Migrating Data Structures in DynamoDB

DynamoDB provides a flexible storage solution for web applications. As an application evolves, the data structures stored in DynamoDB change to fit the needs of the system. Managing these data structure changes can be easy with the right patterns in place.

I created a small example of how my team migrates user data in DynamoDB. In this post, I’ll highlight the key patterns we use and demonstrate some basic usages of DynamoDB in a NodeJS environment.

1. Scanning for Records

The first step to migrating data structures in DynamoDB is identifying the records we need to update. We can use DynamoDB’s scan method to do this.


const migrate = async () => {
  const db = new DynamoDB.DocumentClient();
  let lastEvalKey;
  do {
    // Find the relevant records
    const { Items, LastEvaluatedKey } = await db.scan({
      TableName: process.env.DYNAMODB_TABLE_NAME,
      // Find all records with a RecordId (primary key column for this table) that begin with "User"
      FilterExpression: 'begins_with(RecordId, :x)',
      ExpressionAttributeValues: {
        ':x': 'User:'
      },
      ExclusiveStartKey: lastEvalKey,
    }).promise();

    lastEvalKey = LastEvaluatedKey;

    // Update the structure and save it to DynamoDB...
  } while(lastEvalKey);
}

There are two things to note here:

  • We scan our table for records that match a particular pattern. Since our table might have records other than user data, we want to find the identifying pattern for just the user-related records (in this case, all RecordIds that begin with "User:").
  • DyanmoDB will only return 1MB of data back at a time. So, depending on how many records are present in the table, scan will return one page of data and return back LastEvaluatedKey. Passing that value in as the ExclusiveStartKey will make sure the next scan picks up where the last one left off. We want to continue to scan the table until we no longer have a value for LastEvaluatedKey.
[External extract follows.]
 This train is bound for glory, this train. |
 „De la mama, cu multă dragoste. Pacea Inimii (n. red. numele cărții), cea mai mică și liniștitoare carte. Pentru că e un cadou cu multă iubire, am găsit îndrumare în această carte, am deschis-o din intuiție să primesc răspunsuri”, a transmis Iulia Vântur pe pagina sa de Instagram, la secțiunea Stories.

2. Updating Data Structures

With the records now loaded into memory, we can map over the list of records. In my example, I created a few update functions that I can map over. These functions take in a single record and return an updated version of that record.


const migrate = async () => {
  const db = new DynamoDB.DocumentClient();
  let lastEvalKey;
  do {
    // Scan for relevant records...

    // Update all the items for the page of data.
    const updatedItems = Items.map(updateFn);

    // Save updated records to DynamoDB...
  } while(lastEvalKey);
}

const updateFn = (record) => {
  // Add a new field to the record so users can have some favorite fruits selected, and everyone loves apples, so just make that the default.
  return {
    ...record,
    defaultFruitSelection: ['Apple'],
  };
};

As we add more migrations, the update function is the only thing we’ll need to create. We don’t need to redo any of the other work mentioned in these other sections.

3. Applying the Updates to DyanmoDB

After generating a list of updates, we can use DynamoDB’s put method to replace the outdated records.


const migrate = async () => {
  const db = new DynamoDB.DocumentClient();
  let lastEvalKey;
  do {
    // Scan for relevant records...

    // Update all the items for the page of data...

    // Save updated records to DynamoDB
    await Promise.all(updatedItems.map((item) =>
      db.put({
        TableName: process.env.DYNAMODB_TABLE_NAME,
        Item: item,
      }).promise()
    ));
  } while(lastEvalKey);
}

Assuming we haven’t changed the primary key field in the record, DynamoDB will replace the records.

It’s also worth noting the Promise.all. Initially, I didn’t have this in my example, opting for running each put operation sequentially. But running all put invocations in parallel speeds up the script by quite a bit.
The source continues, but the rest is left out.